▶ [Material provided]:
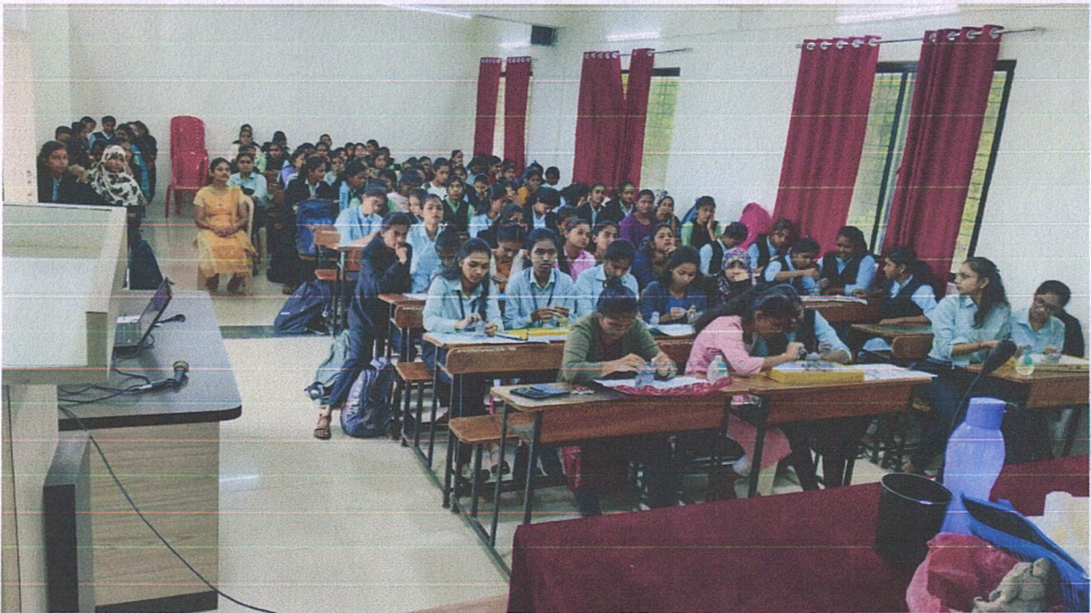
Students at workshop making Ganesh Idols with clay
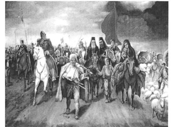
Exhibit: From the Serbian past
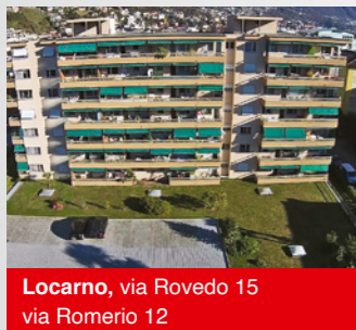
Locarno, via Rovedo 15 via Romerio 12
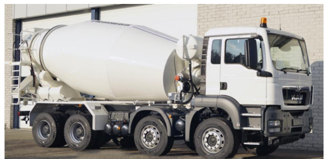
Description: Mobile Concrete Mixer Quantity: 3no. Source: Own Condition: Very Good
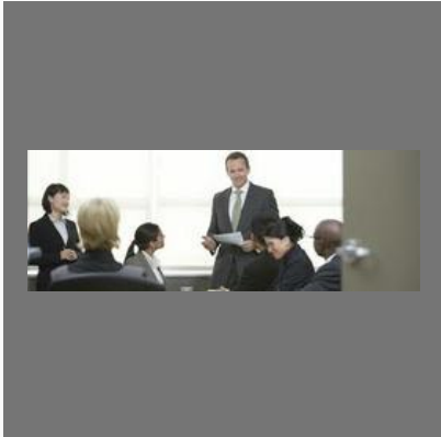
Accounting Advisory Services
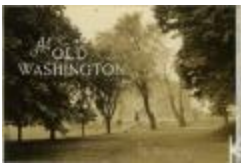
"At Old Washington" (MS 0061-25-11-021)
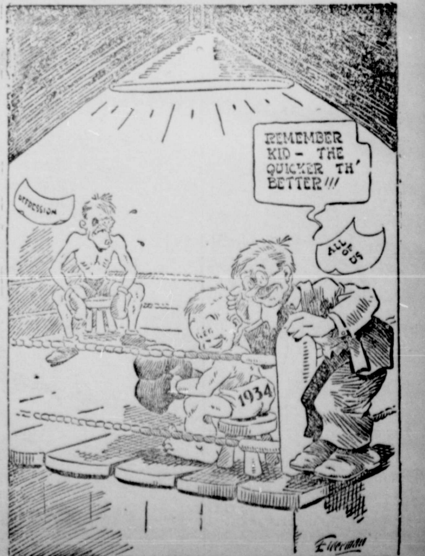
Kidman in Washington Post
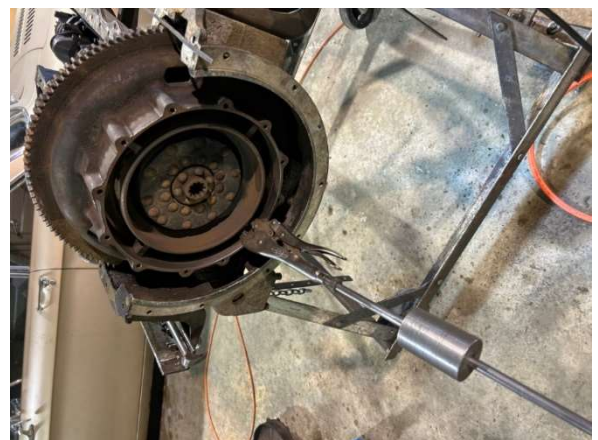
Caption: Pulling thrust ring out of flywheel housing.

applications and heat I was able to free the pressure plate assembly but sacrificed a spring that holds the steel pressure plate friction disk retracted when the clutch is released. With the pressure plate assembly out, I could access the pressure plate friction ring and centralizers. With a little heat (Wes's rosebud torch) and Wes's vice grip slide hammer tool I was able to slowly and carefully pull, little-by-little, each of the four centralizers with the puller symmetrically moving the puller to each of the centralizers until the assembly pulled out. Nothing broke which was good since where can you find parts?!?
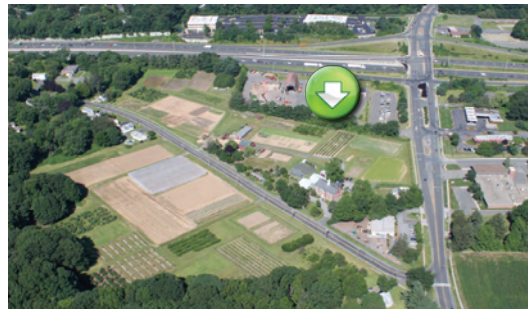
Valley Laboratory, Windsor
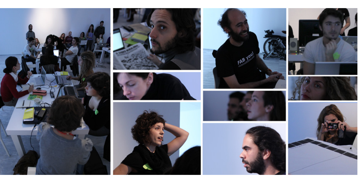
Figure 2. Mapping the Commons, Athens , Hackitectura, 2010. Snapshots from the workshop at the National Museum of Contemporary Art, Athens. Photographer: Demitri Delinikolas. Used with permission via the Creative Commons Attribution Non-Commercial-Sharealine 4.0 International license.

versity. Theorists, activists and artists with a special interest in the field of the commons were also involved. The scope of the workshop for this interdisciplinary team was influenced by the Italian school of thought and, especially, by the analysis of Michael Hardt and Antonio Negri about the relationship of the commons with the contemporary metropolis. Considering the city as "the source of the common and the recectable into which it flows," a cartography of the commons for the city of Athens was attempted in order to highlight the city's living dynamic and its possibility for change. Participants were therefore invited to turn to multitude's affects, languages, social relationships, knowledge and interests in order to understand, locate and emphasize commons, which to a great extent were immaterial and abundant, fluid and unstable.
...
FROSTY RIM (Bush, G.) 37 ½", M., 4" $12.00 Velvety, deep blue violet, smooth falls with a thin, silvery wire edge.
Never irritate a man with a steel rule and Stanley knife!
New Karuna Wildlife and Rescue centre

▶ [What is expected]:
In the data above, retype only the stretch from the line with "Kidman in Washington Post" through the line with "Figure 2. Mapping", word for word, and skip any pictures.

▶ [Response box]:
Kidman in Washington Post
Caption: Pulling thrust ring out of flywheel housing.

applications and heat I was able to free the pressure plate assembly but sacrificed a spring that holds the steel pressure plate friction disk retracted when the clutch is released. With the pressure plate assembly out, I could access the pressure plate friction ring and centralizers. With a little heat (Wes's rosebud torch) and Wes's vice grip slide hammer tool I was able to slowly and carefully pull, little-by-little, each of the four centralizers with the puller symmetrically moving the puller to each of the centralizers until the assembly pulled out. Nothing broke which was good since where can you find parts?!?
Valley Laboratory, Windsor
Figure 2. Mapping the Commons, Athens , Hackitectura, 2010. Snapshots from the workshop at the National Museum of Contemporary Art, Athens. Photographer: Demitri Delinikolas. Used with permission via the Creative Commons Attribution Non-Commercial-Sharealine 4.0 International license.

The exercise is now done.